Figure 14 is a side cross-sectional view of the preferred embodiment showing the sidedraw die in a substantially extended position;

14A is an enlarged fragmentary side cross-sectional view of a portion of the embodiment of FIG. 14 showing details of the pinch-off plates, side pull dies and seal plates, while the pinch-off plates are in a lowered position;

Figure 14B is another view of the embodiment shown in Figure 14A, showing the pinch-off plate in a raised position; and

Figure 15 is a top view of the embodiment shown in Figure 12 showing the sidedraw die in a substantially extended position.

DESCRIPTION OF THE PREFERRED EMBODIMENT (BEST MODE FOR CARRYING OUT THE INVENTION)

The improvement of the present invention pertains to the manufacture of luggage with hard sides, but it will be appreciated that the principles of the present invention are certainly applicable to the manufacture of containers in general. The advantages of the present invention can be realized whenever it is desired to provide an integrally fabricated frame with respect to a thin hollow shell of thermoplastic material having an opening leading to the shells connected by the integrally fabricated frame middle.

Attention is drawn to Figure 1, which shows a perspective view of a luggage case 30 made in accordance with the present invention. The article shown is a "pullman" type of case, but the invention is equally applicable to the popular "upright" type of luggage. Additionally, although the case 30 shown in FIG. 1 has no wheels or handles, it will be readily understood that alternative embodiments of the luggage device of the present invention may have wheels and pull handles as known in the art so that the Wheels to drag luggage, not by hand.

See Figure 1-3. The case 30 of the present invention includes a cover shell 40 and a bottom shell 80 . The process of the present invention can be used to make the bottom shell 80 and the cover shell 40, and, in the preferred embodiment, the shells 40, 80 are very similar in structure and shape. Alternative variations of the invention may include an embodiment in which only one of the shells of the case 30 is made in accordance with the invention; indeed, one of the shells (perhaps the cover shell 40) may consist of stitched cloth panels, usually Known as the "soft side" structure.

In the preferred embodiment, each housing 40, 80 is molded from a thin sheet of thermoplastic material. In particular, the invention is well suited for molding sheets of acrylonitrile-butadiene-styrene terpolymer (ABS plastic). The invention may also be practiced with vacuum formable polypropylenes such as low melting polypropylenes. Thus, the present invention can be used to form polypropylene, and the present invention can produce an inventive product that has the appearance of being injection molded even though it is differentially formed.

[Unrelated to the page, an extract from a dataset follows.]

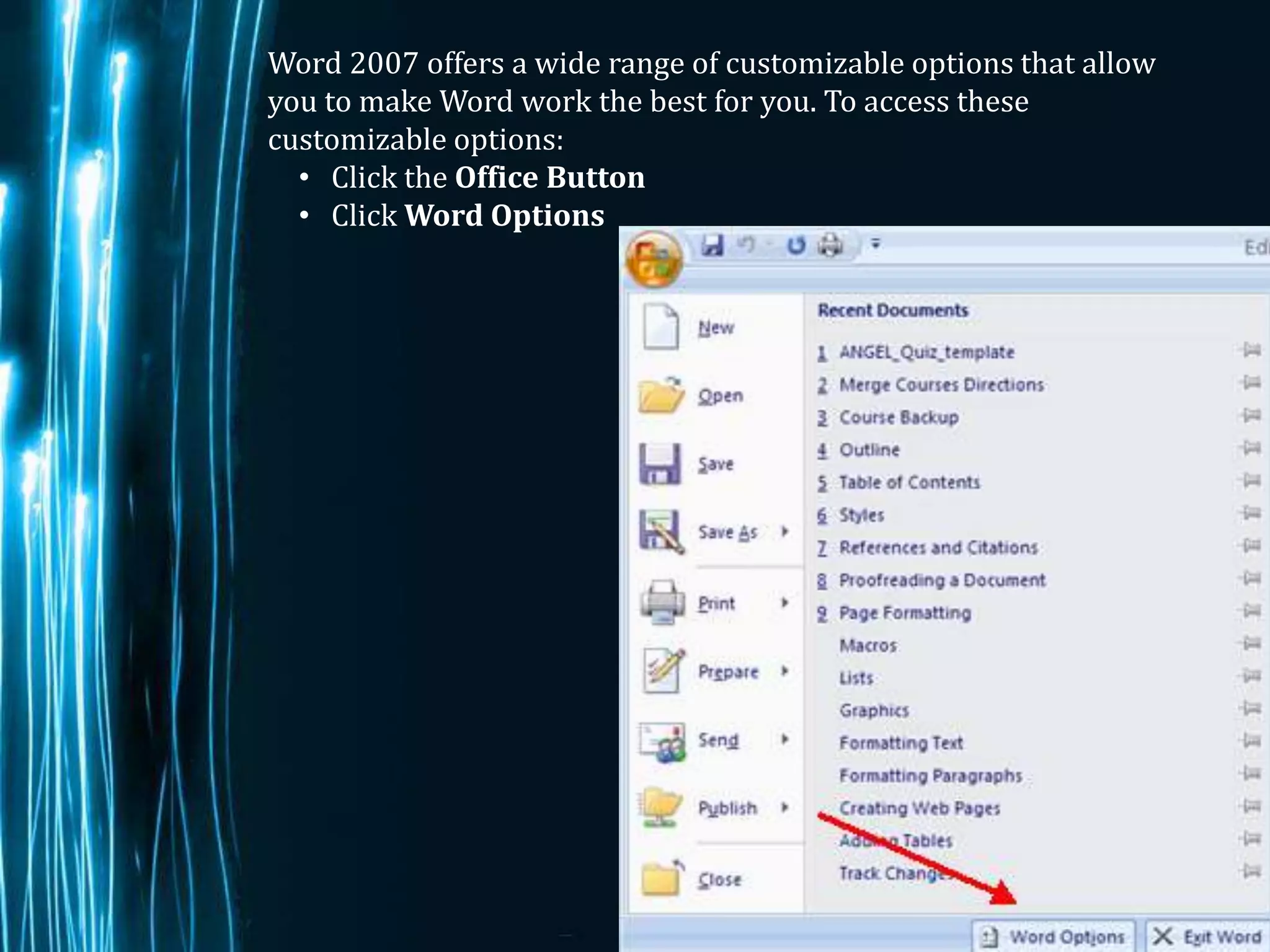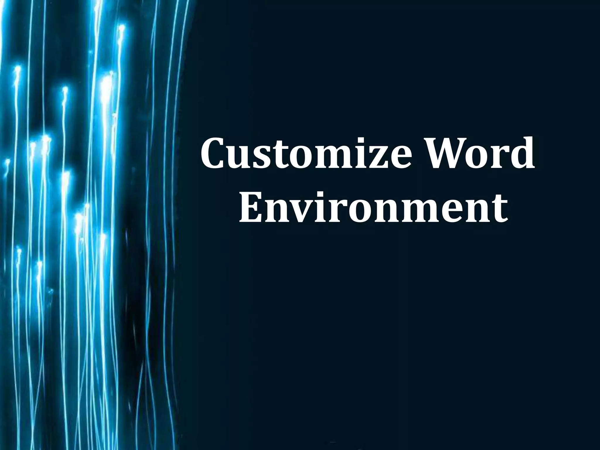 The document provides instructions for customizing various features in Microsoft Word to personalize the work environment. It describes how to access customizable options through the Office button and Word Options. It then explains how to modify features like the display, proofing, saving, and advanced settings. It also covers customizing the Quick Access toolbar by adding frequently used tools.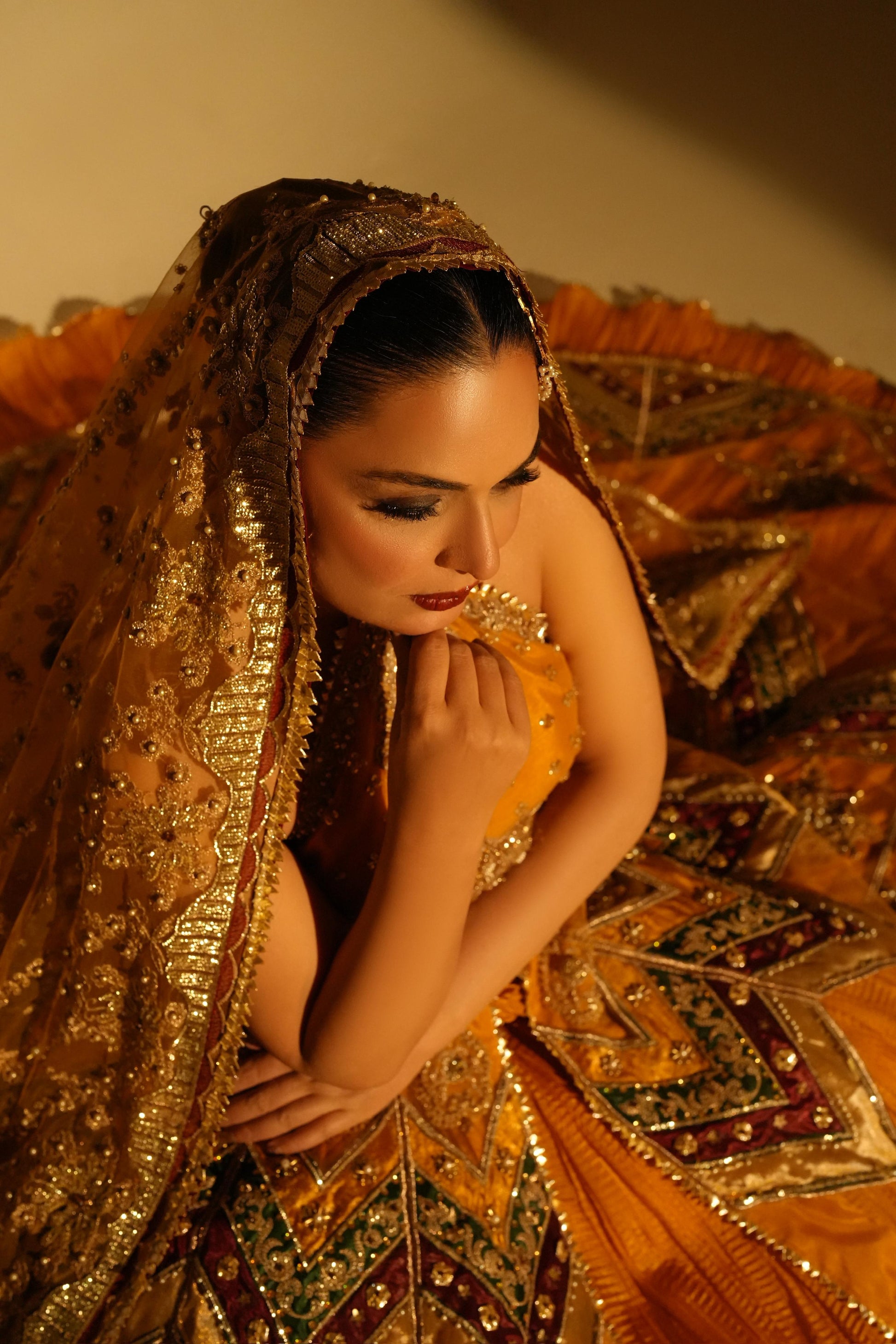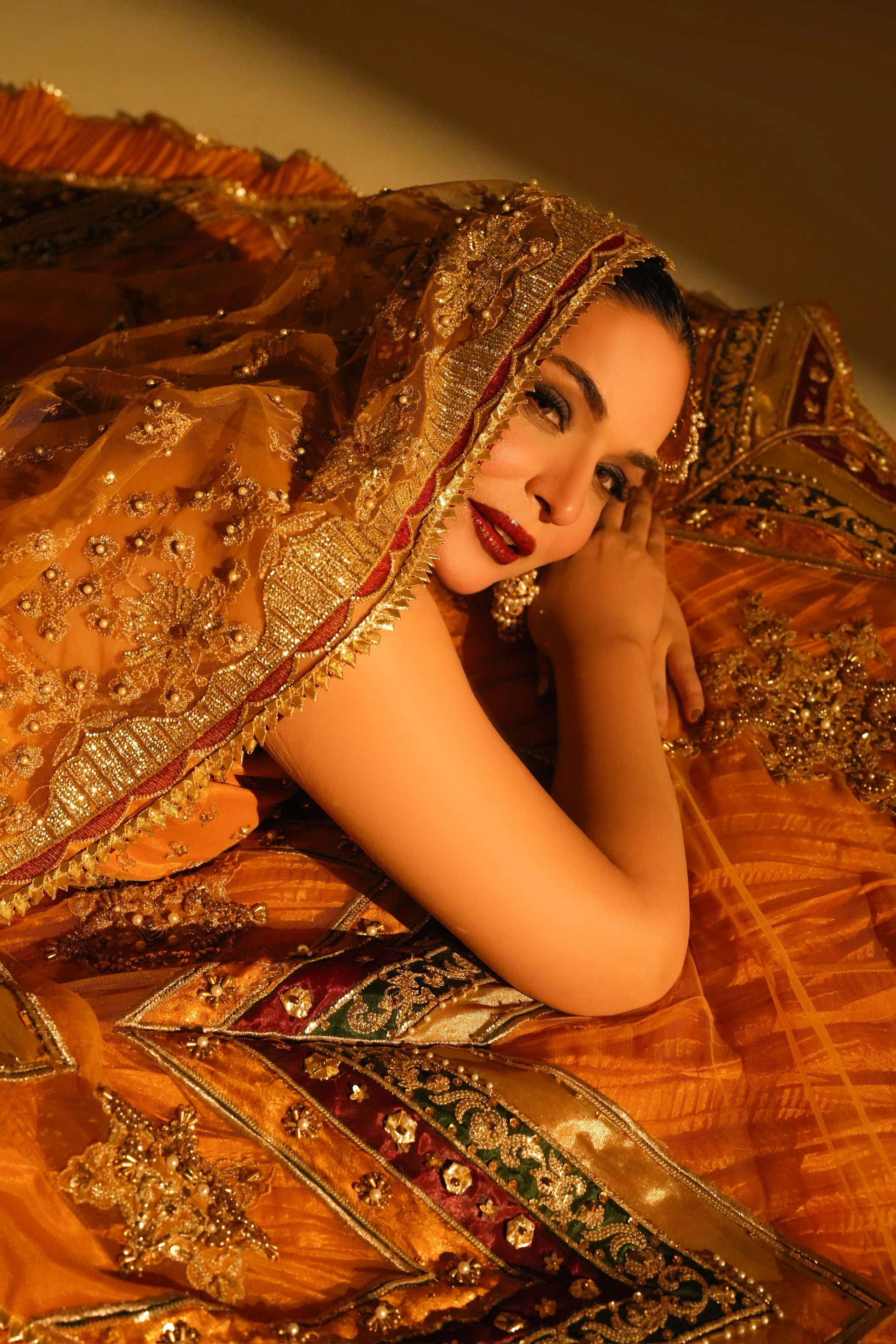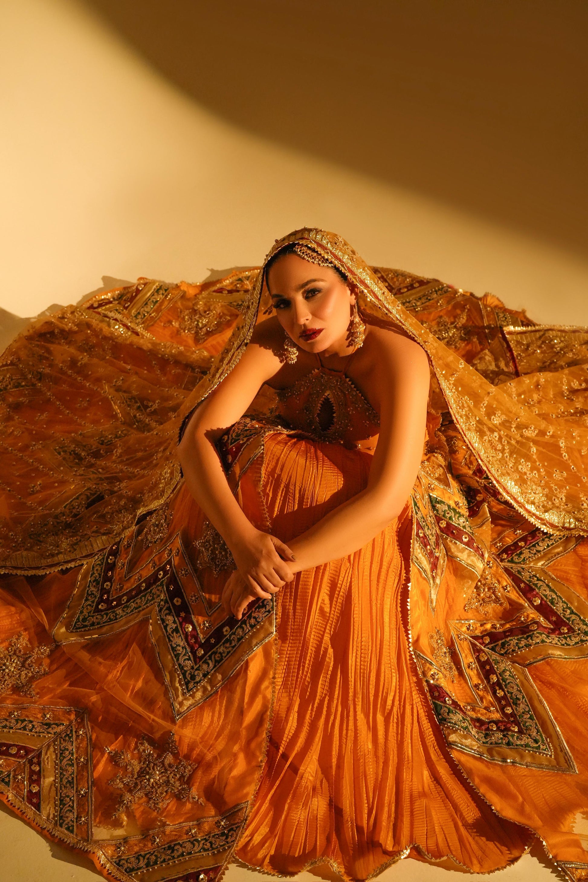 Amaira – Worn by Meera Jee, this striking bridal ensemble exudes festive grandeur. An opulent open gown cascades gracefully over a crushed fabric lehnga, creating layers of movement and drama. Fashioned in a rich mustard hue, the look is a flawless choice for a Mehndi celebration, embodying vibrance, joy, and regal elegance. Designed to make a statement, Amaira celebrates tradition with a modern flair, perfect for the bride who wishes to shine with effortless majesty.

Blank sheets are generally rectangular and planar sheets of material, perhaps extruded sheets, with edge portions surrounding a central portion. In the following description, the sheet will be described referring to a center portion, an edge portion and trim portions. The offcut portion is a relatively small portion of the overall sheet formed by the sheet boundary adjacent the original edge of the sheet. This offcut portion is needed to secure the sheet in the vacuum forming machine; it does not become part of the finished product, but is trimmed off during or immediately after the molding process is complete. The central portion of the sheet is the majority or main portion of the sheet which is molded into the main body of the housing. The ratio of the size of the edge portion to the center portion can vary significantly from one product to another, the edge portion being the portion of the sheet forming the periphery of the center portion; its outer border being the portion intersecting the trim portion. The edge portion becomes an integral part of the finished product and actually forms the edge of the finished shell once the offcut portion has been trimmed away. The sheet is heated to make it soft and pliable, and although it is in a softened state, it can be molded into a shape similar to the bottom shell 80 shown in FIG.

Except where stated otherwise, the description of the bottom case 80 is equally applicable to the description of the cover case 40 . In the preferred embodiment, the shells 40, 80 are each fabricated to obtain a generally concave shape with a bottom 81 and integral side portions 83a, 83b extending away from the bottom 81. In this way, the side portions 83a, 83b and the bottom 81 enclose the inner space of the casing 80 with five sides, and articles can be stored in this space. However, the device of the present invention is not limited to any particular general shape and may include cylindrical containers. The molding and shape of certain faces of the side portions 83a, 83b is an aspect of the invention and will be further explained.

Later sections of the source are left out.